By holding onto anger towards that person, it was doing myself the disservice,
because I was walking around with a tight chest, anxiety, stress, talking shit,
telling my friends this person sucks, blah, blah, blah, blah, blah.
You can go down that rabbit hole forever, right?
You can live your life holding in anger forever
but I
promise you once you start incorporating forgiveness instead of anger and
love and forgiveness and acceptance instead of anger and frustration and hurt and pain
Everything in your reality will shift and if you know when you operate from a place of love
that your reality is going to shift
and give you more abundance and peace and better people,
it becomes motivation for you to change quicker, right?

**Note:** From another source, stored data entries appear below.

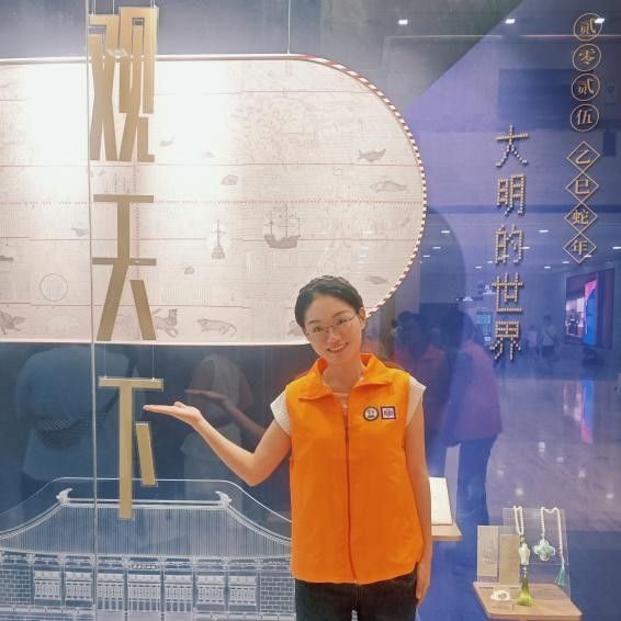 在博物院的日常服務(wù)中,實(shí)踐團(tuán)成員化身溫暖的支點(diǎn):他們耐心解答觀眾疑問,細(xì)心維護(hù)觀展秩序,協(xié)助大件行李寄存,確保導(dǎo)覽設(shè)備順暢流轉(zhuǎn),更在展廳巡視中默默守護(hù)著每一件文物的環(huán)境安寧。每一次引導(dǎo)手勢,每一次溫馨提示,都是南師青年對服務(wù)精神最質(zhì)樸的詮釋。與此同時(shí),程文玲、周程程兩位同學(xué)則投身于數(shù)字文化傳播的浪潮。歷經(jīng)近三周嚴(yán)謹(jǐn)?shù)膷徢芭嘤?xùn),她們在“坤輿萬國全圖VR大空間沉浸式展覽”正式開放后迅速成為中堅(jiān)力量。從前臺預(yù)約核銷、設(shè)備佩戴講解,到中控設(shè)備調(diào)度、場內(nèi)安全巡護(hù),再到設(shè)備回收清潔與出入口秩序維護(hù),她們在六個(gè)精密協(xié)作的崗位上無縫切換,每一個(gè)崗位,都是傳統(tǒng)地圖在數(shù)字維度煥新傳播的關(guān)鍵一環(huán)。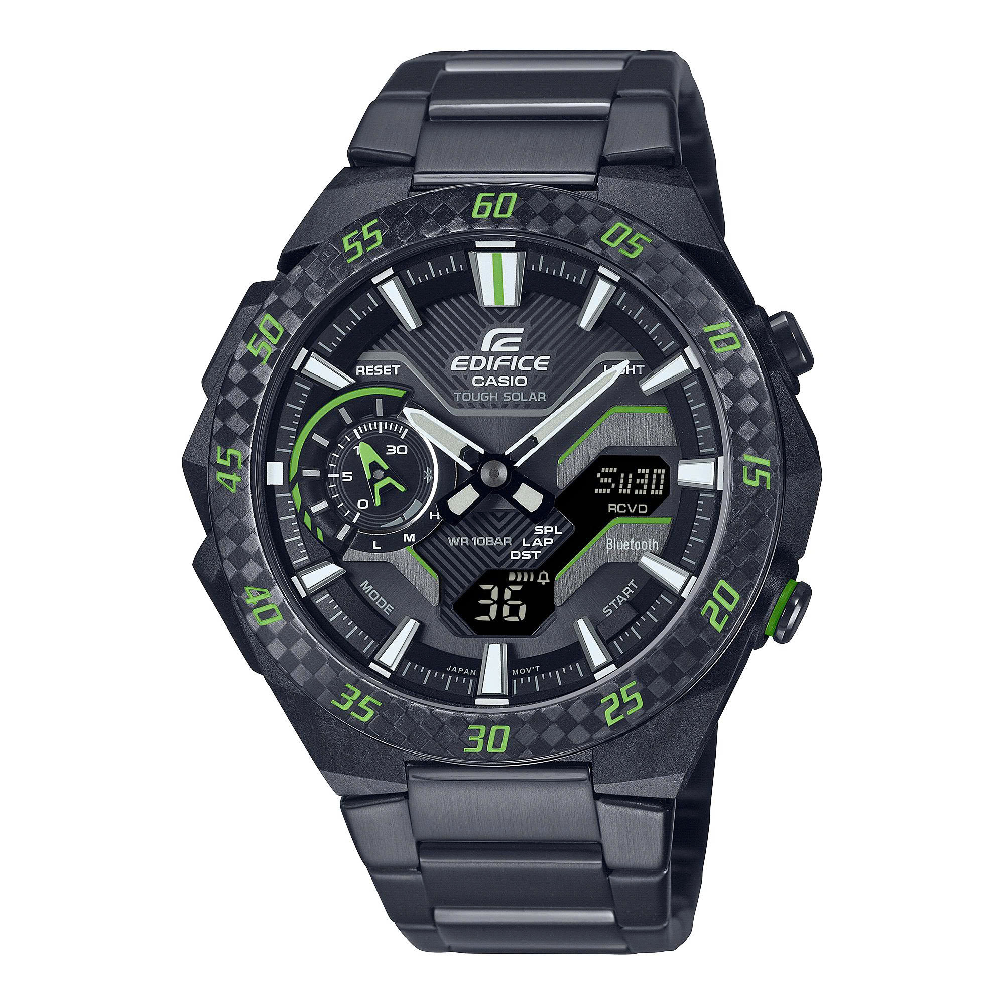 Giới thiệu những biến thể mới của EDIFICE WINDFLOW ECB-2200, một chiếc đồng hồ được thiết kế để gợi lên luồng gió thổi mạnh từ một chiếc xe đua công thức. Vỏ nhựa gia cố bằng sợi carbon, gờ làm bằng sợi carbon và dây đeo bằng thép không gỉ mạ ion đen được kết hợp với những điểm nhấn màu vàng hoặc xanh lá gợi nhớ đến đường đua chuyên nghiệp.
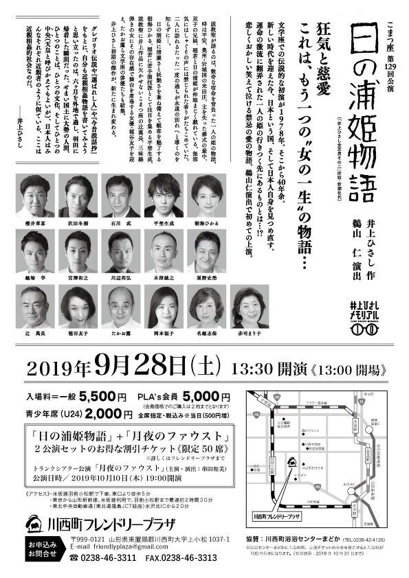 日の浦姫に清廉さと妖艶さを兼ね備えて観客を魅了する朝海ひかる、稲若に若手演技派として注目を集める平埜生成、説教聖に井上作品に欠かせないこまつ座の辻萬長、三味線弾きの女にその存在感で舞台を席巻する女優・毬谷友子を迎え、たかお鷹ら文学座の俳優たちも集結。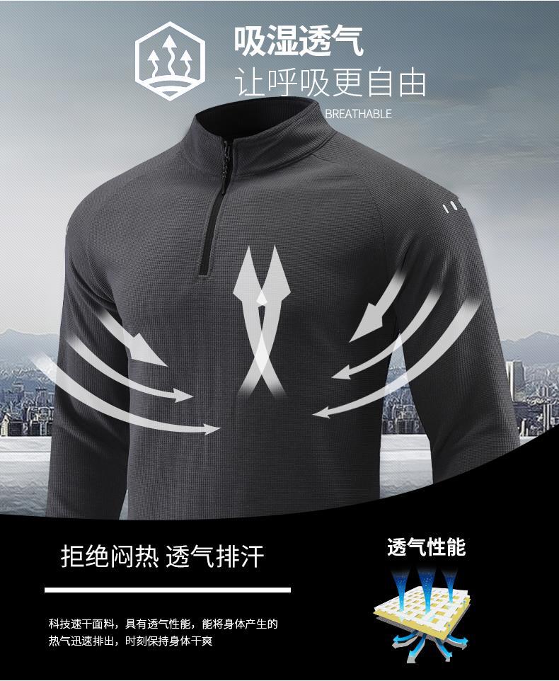 크로스 보더 봄과 가을 하프 지퍼 남성용 긴팔 티셔츠 남성용 통기성 탄성 야외 스포츠 캐주얼 탑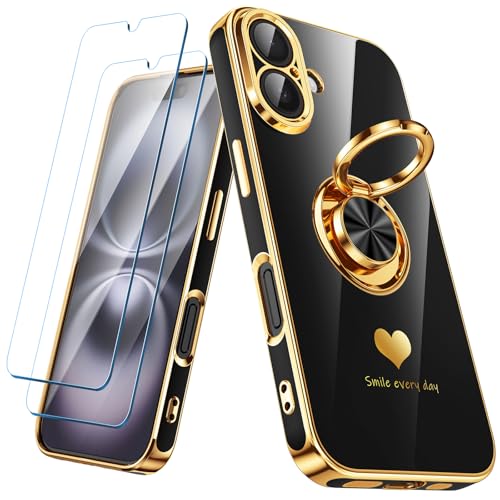 Nonional Compatible avec iPhone 16 avec 2 Films protecteurs d'écran, Anneau Rotatif à 360°, Motif cœurs de Luxe, Coque Fine et Souple pour iPhone 16 – Noir
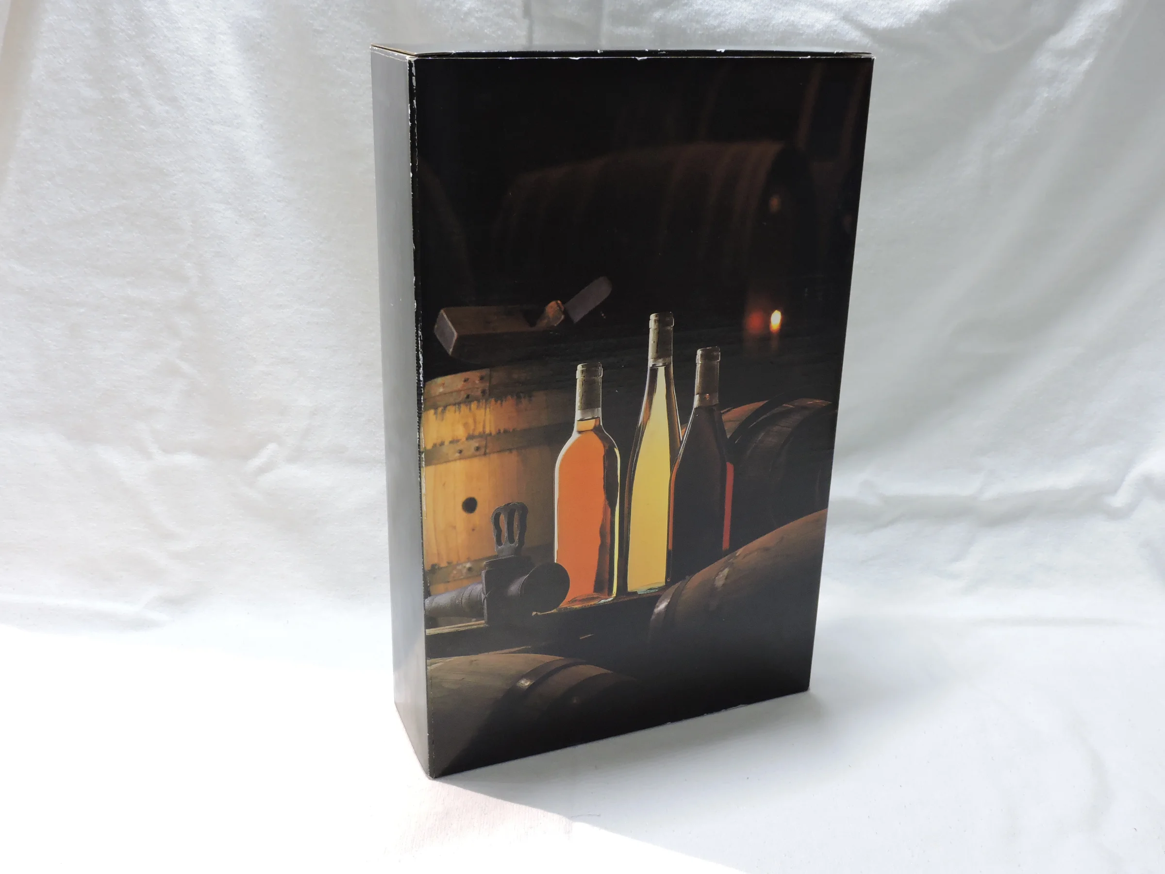 Ležatý kartón vyrobený z lepenky bordovej farby na 3 flaše. Povrch kartónu je vrúbkovaný.

So for me, when I was going through my healing process
and I started slowly healing
and understanding the power of forgiveness,
and then I started seeing like magical things start to happen,
like things started manifesting in my life, career opportunities started to
open up. I just felt so different and I started seeing it in my reality and I
was like wait a second I've been wallowing in pain for the last few
months, I've been beating myself up for the last few months. Meanwhile there's a
whole other reality out there if I just do the work and I heal and I come from a
place of love the universe will reflect
that back to me and my world will get so much better and I'll end up meeting better people
and having a better life.
So why am I holding myself back?
Like why am I holding on to all this pain if it's just, it's preventing me from living
my best life?
And I want you to really test this out because if you're currently going through a situation
where you're in a lot of pain
and you're not really doing anything about it
and you're just harping on the past memories
and you're digging into the past and you're replaying the past,
you're only going to get more of that.
So what I want you to do is the exercise I just mentioned
and also just reflect and try to see things
from an angle of love
and forgiveness and acceptance and understand that if it's not that person, if that person's
abandoning you or leaving you, whatever it is, it will be someone better. When I was with my first
boyfriend and we were going through a rough patch, he started going really, really cold on me and
he was acting so out of character. He ended up just completely pulling away
and we ended up breaking up.
He seemed as if he wanted nothing to do with me,
didn't care about me anymore.
And that was it.
And I was devastated.
I was absolutely crushed.
This was my first love, first experience of a breakup.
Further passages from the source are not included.